- Born: 1846 Oswego, New York, U.S.
- Died: May 14, 1901 (aged 54–55) Highland Falls, New York, U.S.
- Allegiance: United States
- Branch: United States Army
- Service years: 1873–1878
- Rank: Private
- Unit: 7th U.S. Cavalry
- Conflicts: Indian Wars Black Hills War
- Awards: Medal of Honor

= Neil Bancroft =

Neil Bancroft (1846-1901) was an American soldier in the U.S. Army who served with the 7th U.S. Cavalry during the Black Hills War. In 1878, he was one of 22 soldiers who received the Medal of Honor at the Battle of the Little Bighorn and who carried water "under a most galling fire" from the Little Bighorn River to the wounded soldiers on Reno Hill.

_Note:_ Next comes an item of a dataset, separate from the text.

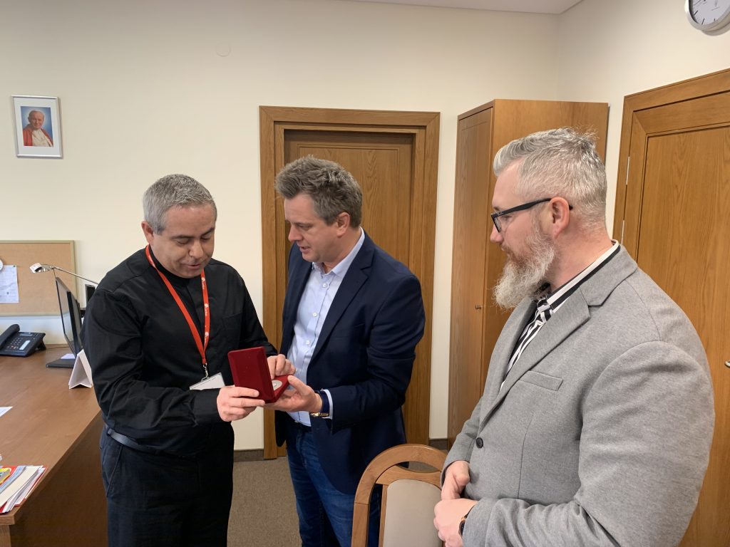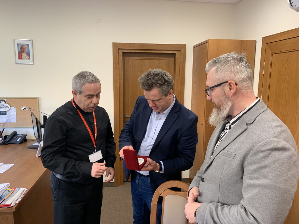 Spotkanie dotyczyło nawiązania współpracy między naszą Uczelnią a Caritas Polska – największą organizacją dobroczynną w kraju i jedną z największych na świecie. W trakcie wizyty w siedzibie organizacji prof. Mirosław Grewiński, który jednocześnie pełni funkcję Prezesa Zarządu Głównego Polskiego Towarzystwa Polityki Społecznej, wręczył ks. dr. Marcinowi Iżyckiemu medal im. Edwarda Abramowskiego – odznaczenie przyznawane przez PTPS osobom, które znacząco przyczyniły się do rozwoju kluczowych obszarów polityki społecznej.
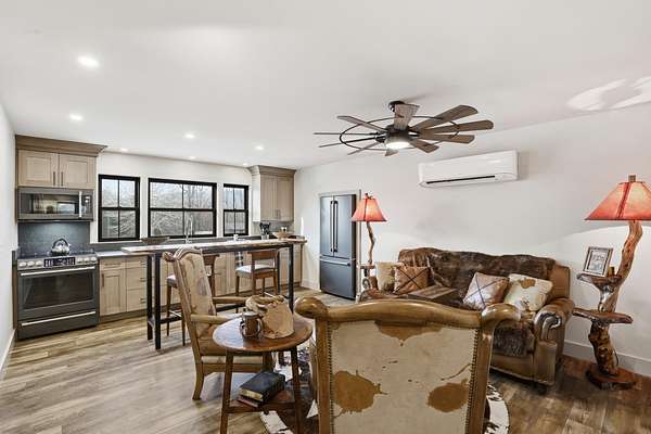 Nestled on the peaceful outskirts of the charming town of Landrum, this one-of-a-kind barndominium offers a rare blend of modern comfort, versatile space, and breathtaking views. Set on two level acres with two fenced pastures, the property borders a premier equestrian center. The main level features an expansive garage area with two garage doors and epoxy floors and the capacity to accommodate at least four vehicles, making it ideal for car collectors, hobbyists, or equestrian use. This level also includes a spa-inspired retreat with a luxurious steam room, sauna, and upscale tiled shower. You will also find a spacious walk-in laundry room and a convenient bathroom. Upstairs, the living space opens to an inviting office area, a comfortable bedroom with a spacious walk-in closet, and a full bathroom with a roomy standalone shower. The gourmet kitchen is beautifully appointed with granite countertops, new black stainless-steel appliances, and a custom-built, live-edge bar- the perfect spot to enjoy meals while taking in mountain views through the kitchen windows. Outdoor living shines with the covered back deck, complete with a wet bar and grilling area, where panoramic views stretch across fenced pastures to the mountains beyond. You'll also find everything you'll need to hookup your RV- always ready for your next adventure. The barndominium itself reflects a thoughtful balance of durability and charm, offering an adaptable living space well-suited for a full-time residence, a weekend retreat, or a creative live/work environment. With its proximity to Landrum's quaint downtown, local dining, and outdoor recreation, this property delivers rural tranquility without sacrificing convenience. Call today to schedule your private tour!

Bancroft left military service two months before the men of his regiment were issued the award. His medal was returned to the War Department because of this and, consequently, he remained unaware that he was an MOH recipient. When it was finally decided to locate him years later, it was found that Bancroft had died.

==Biography==
Neil Bancroft was born in Oswego, New York in 1846. At age 18, he enlisted in the U.S. Army in Chicago on September 20, 1873. Sent to the frontier, he was assigned to Troop A of the 7th U.S. Cavalry then under the command of George Armstrong Custer. He saw action during the Black Hills War and, during the Battle of the Little Bighorn in June 1876, he was among the many soldiers who carried water "under a most galling fire" from the Little Bighorn River to the wounded soldiers at the Reno-Benteen site for much of the engagement. All of the Little Bighorn water carriers received the Medal of Honor for their "extraordinary bravery" on October 5, 1878. Bancroft, however, had left the service two months earlier and his medal was simply returned to the War Department. Throughout his life, Bancroft was unaware that he had received the nation's highest honor. By the time the government tracked down Bancroft to officially issue his medal, it was discovered he had died. His medal was eventually put on display in the Smithsonian Museum in Washington, D.C., where it remains to the present day.

==Medal of Honor citation==
Rank and organization: Private, Company A, 7th U.S. Cavalry. Place and date: At Little Big Horn, Mont., June 25, 1876. Entered service at: Chicago, Ill. Birth: Oswego, N.Y. Date of issue: October 5, 1878.

Citation:

Brought water for the wounded under a most galling fire.